GNOME Bugzilla – Bug 614388
[POP3] Broken Delete after X days behaviour
Last modified: 2011-03-28 07:28:29 UTC
Initial problem reported here #514827, I can reproduce with latest master build. Messages are removed randomly from server and older messages beyond selected date stacks on pop3. This happens because of cache expiration that is setup to 1 week or 1 day if not visited.
Created attachment 157523 [details] [review] get message_time from pop3 Proposed patch, if we cannot get time from the cache fetch the message from pop3 and calculate message_time.
Another option could be to increase cache age, leaving messages on server and deleting after a few days would pile up a lot of redundant data in the cache. Fetching message from pop is bad enough but perhaps we can do both fetch from pop and increase the cache age too.

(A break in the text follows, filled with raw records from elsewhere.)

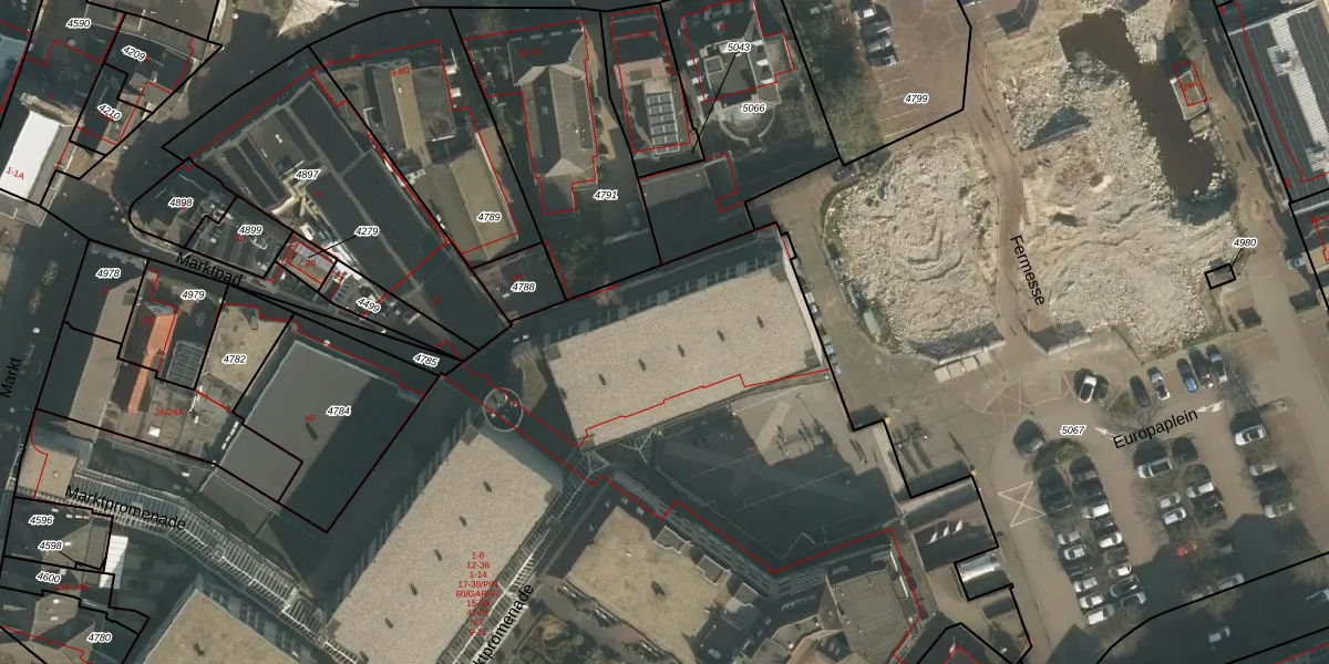 Het perceel waarop Marktpad 17 staat heeft een oppervlakte van 8469 m². Dit is een zeer groot perceel. De perceeloppervlakte wordt geregistreerd door het Kadaster. Gedetailleerde informatie over de maten van dit perceel kunt u vinden in het rapport Kadastrale kaart met maatvoering van Marktpad 17.
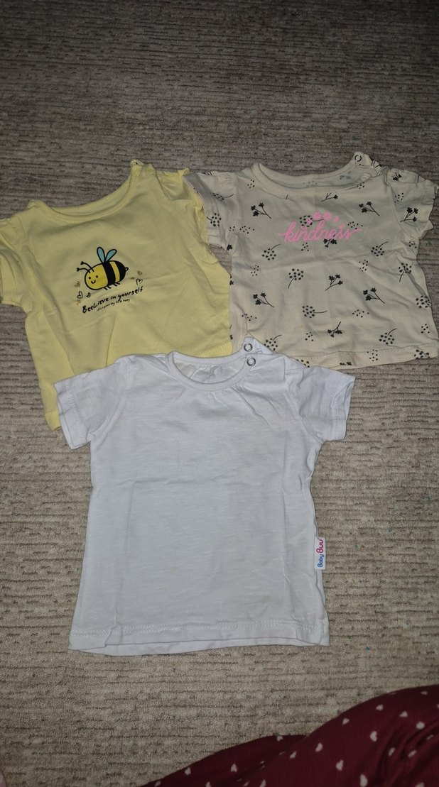 Yumuşak pamuktan yapılmış, bol kesim, kısa kollu kız çocuk tişörtü seti. Pastel sarı arı baskılı, bej çiçek desenli ve düz beyaz renklerde. Rahat bisiklet yaka. tanesi 50 dır
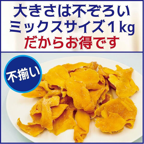 | 内 容 | ■チブギス ドライマンゴー 不揃いミックス ■内容量:1kg ※賞味期限:2027.3.31 |
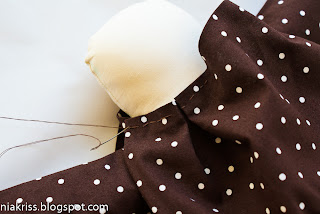 горловина платья сильно велика, а нам надо пришить ее к тушке. это и будет нашим основным креплением. тут я тоже закладываю складочки и пришиваю вручную.
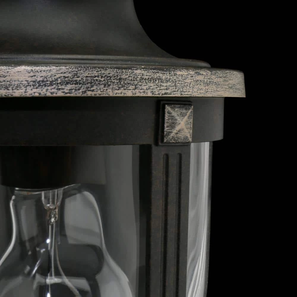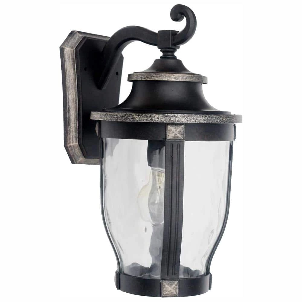 This beautiful wall mount lantern from Home Decorators Collection is sure to brighten the look of any home. The hand applied bronze finish with gold highlights will illuminate as well as decorate. The clear hammered glass augments the light from the 60-Watt bulb (not included). Die-cast aluminum construction ensures long-lasting beauty and durability.

Thanks for a patch. I've a feeling there were some issue about the fetching, but I cannot recall what it was exactly. Your change seems good, except of this: > + camel_object_unref((CamelObject *)message); the cast is not necessary, but the test for "message != NULL" is. Apart of that just some small indentation "issues" and a different coding style in your: > + if ( day_lag > days_to_delete) > + { Nothing serious, I would say.

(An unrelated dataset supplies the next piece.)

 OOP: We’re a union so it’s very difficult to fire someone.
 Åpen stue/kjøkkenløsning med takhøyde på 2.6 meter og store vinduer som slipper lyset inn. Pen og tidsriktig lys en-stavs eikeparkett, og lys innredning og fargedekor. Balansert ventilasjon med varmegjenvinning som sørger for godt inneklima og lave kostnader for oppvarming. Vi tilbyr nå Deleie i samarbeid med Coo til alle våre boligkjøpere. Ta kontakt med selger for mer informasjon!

*** Bug 534729 has been marked as a duplicate of this bug. ***
Created attachment 157662 [details] [review] updated patch Thanks Milan, updated patch with your suggestions.

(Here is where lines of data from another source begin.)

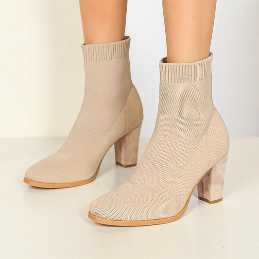 Stivaletti alla caviglia con tacco spesso e punta a punta in maglia tinta unita
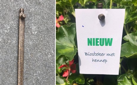 Nieuw in de Growfun collectie is een infosteker die voor 100% vervaardigd is uit biologisch afbreekbaar materiaal. In dit 'biostokje' is bovendien hennep verwerkt.
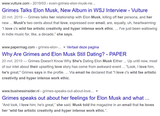 “Though last fall it seemed their relationship might be on the rocks, a March (2019) interview that Grimes, born Claire Boucher, gave to the Wall Street Journal’s magazine showed that the two are still together.”
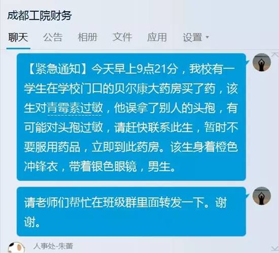 發(fā)布的消息內(nèi)容為:“【緊急通知】今早上9點21分,我校有一學生在學校門口的貝爾康大藥房買了藥,該生對青霉素過敏,他誤拿了別人的頭孢,有可能對頭孢過敏,請趕快聯(lián)系此生,暫時不要服用藥品,立即到此藥房。該生身著橙色沖鋒衣,戴銀色眼鏡,男生?!?/p>
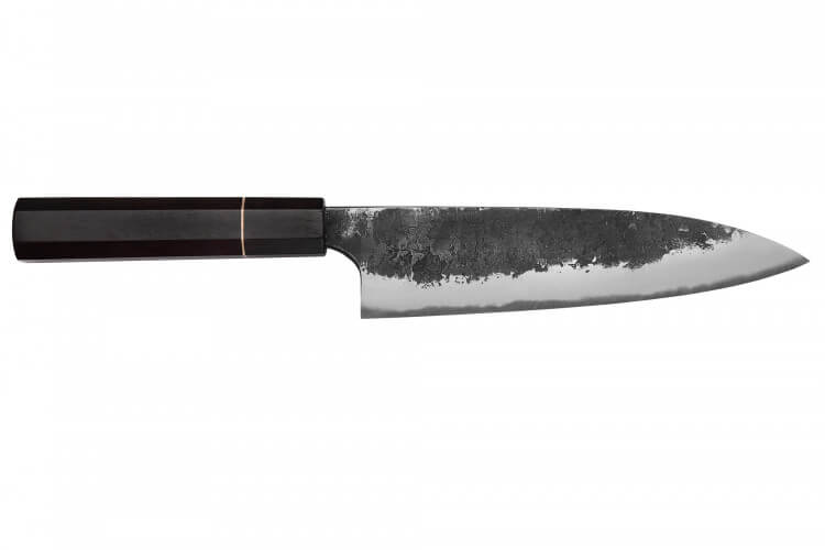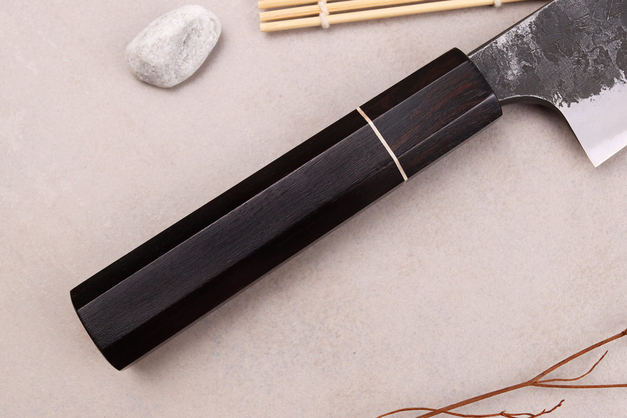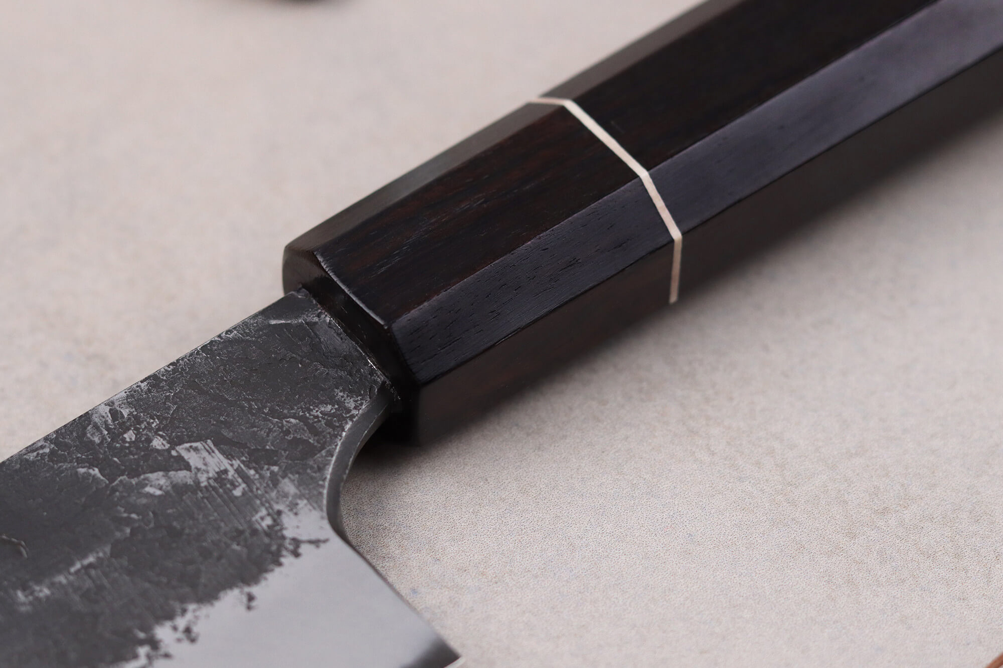 Enfin, Naoki Mazaki étant également maître aiguiseur, il a lui-même affûté la lame sur différentes pierres pour vous offrir un tranchant impeccable. Il est important de noter que votre couteau devra être aiguisé à la pierre lorsque cela deviendra nécessaire.

Oh, I'm sorry, I overlooked one thing yesterday, when pop3_get_message fails for some reason, then the message_time is either uninitialized, or the one from the previous message. Please fix this and commit to master and gnome-2-30 branch. Thanks.
Commits: 6fc6243 in e-d-s master (2.31.1+) 64d7416 in e-d-s gnome-2-30 (2.30.1+)
*** Bug 593339 has been marked as a duplicate of this bug. ***
this bug still un-squished in Lucid
(In reply to comment #9) > this bug still un-squished in Lucid Definitely because you've old version of evolution (-data-server). Tell your distro maintainers. The upstream has nothing to do with the distribution you are using.